> **Work request**: Starting at the line that contains "Tシャツのプリントをぼかしながら見せるのも洒落ています。", transcribe every remaining line of the data below exactly, and omit all pictures.

> **Dataset section**:

....................

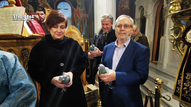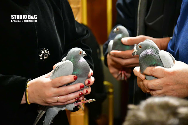 Στον Ιερό Ναό της Ευαγγελίστριας στο Ναύπλιο, αναβίωσε και φέτος το έθιμο των περιστεριών στην τελετή του Αγιασμού των υδάτων την Δευτέρα 6 Ιανουαρίου 2020.
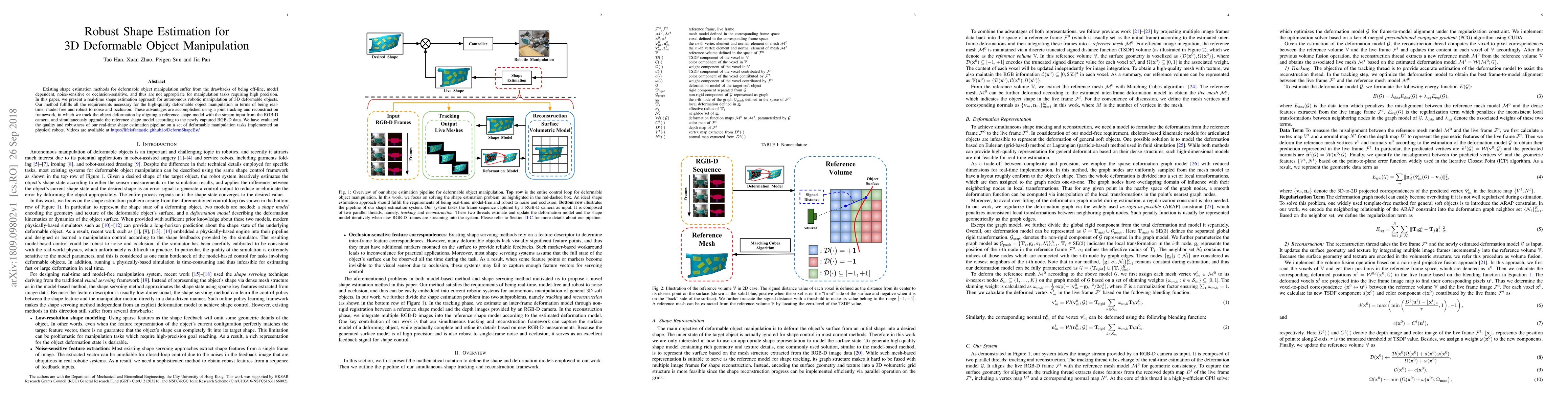 This paper introduces a real-time, model-free shape estimation method for robotic manipulation of 3D deformable objects, addressing noise and occlusion challenges through a joint tracking and reconstruction framework. The proposed method is validated through practical deformable object manipulation tasks on physical robots.
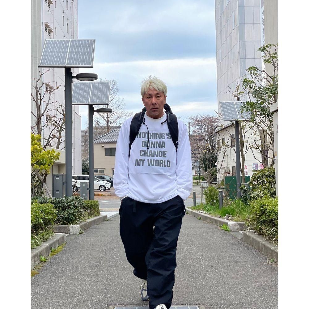 Tシャツのプリントをぼかしながら見せるのも洒落ています。
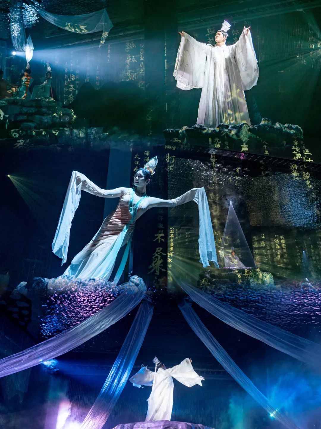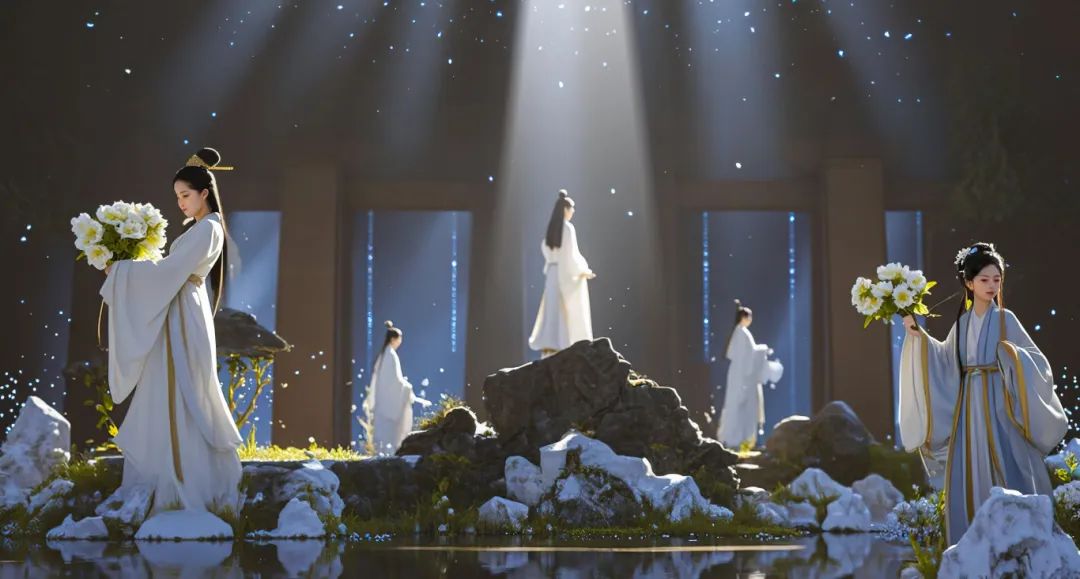 宋文化沉浸式奇幻賞《愛雅宋》立足于風(fēng)雅宋韻和AI動(dòng)機(jī),根據(jù)極具轉(zhuǎn)折度的特殊空間和動(dòng)線設(shè)計(jì),致力于傳統(tǒng)文化融入數(shù)字化創(chuàng)新,通過(guò)虛擬串接角色、AI古詩(shī)新創(chuàng)、全息投射、激光集成控制、機(jī)械裝置程序控制、長(zhǎng)連屏觸摸手感反饋、大畫幅精確數(shù)字化翻轉(zhuǎn)、全場(chǎng)景數(shù)字化聯(lián)動(dòng)等前沿技術(shù),依托全方位虛實(shí)相間的復(fù)合式多媒體配置、極度壓光與提光的沉浸式光影視效、富于時(shí)空折疊意境的舞美創(chuàng)意、情境演藝與機(jī)械裝置巧妙咬合等創(chuàng)意手段,充分發(fā)揮行進(jìn)式觀演體驗(yàn)、各場(chǎng)景既獨(dú)立又聯(lián)通的節(jié)奏變化和系統(tǒng)化控制等優(yōu)勢(shì),在有限的物理空間中將奇幻、唯美、意識(shí)流、大境界等全新體驗(yàn)帶給觀眾。

....................

> **The answer**:
 Tシャツのプリントをぼかしながら見せるのも洒落ています。
 宋文化沉浸式奇幻賞《愛雅宋》立足于風(fēng)雅宋韻和AI動(dòng)機(jī),根據(jù)極具轉(zhuǎn)折度的特殊空間和動(dòng)線設(shè)計(jì),致力于傳統(tǒng)文化融入數(shù)字化創(chuàng)新,通過(guò)虛擬串接角色、AI古詩(shī)新創(chuàng)、全息投射、激光集成控制、機(jī)械裝置程序控制、長(zhǎng)連屏觸摸手感反饋、大畫幅精確數(shù)字化翻轉(zhuǎn)、全場(chǎng)景數(shù)字化聯(lián)動(dòng)等前沿技術(shù),依托全方位虛實(shí)相間的復(fù)合式多媒體配置、極度壓光與提光的沉浸式光影視效、富于時(shí)空折疊意境的舞美創(chuàng)意、情境演藝與機(jī)械裝置巧妙咬合等創(chuàng)意手段,充分發(fā)揮行進(jìn)式觀演體驗(yàn)、各場(chǎng)景既獨(dú)立又聯(lián)通的節(jié)奏變化和系統(tǒng)化控制等優(yōu)勢(shì),在有限的物理空間中將奇幻、唯美、意識(shí)流、大境界等全新體驗(yàn)帶給觀眾。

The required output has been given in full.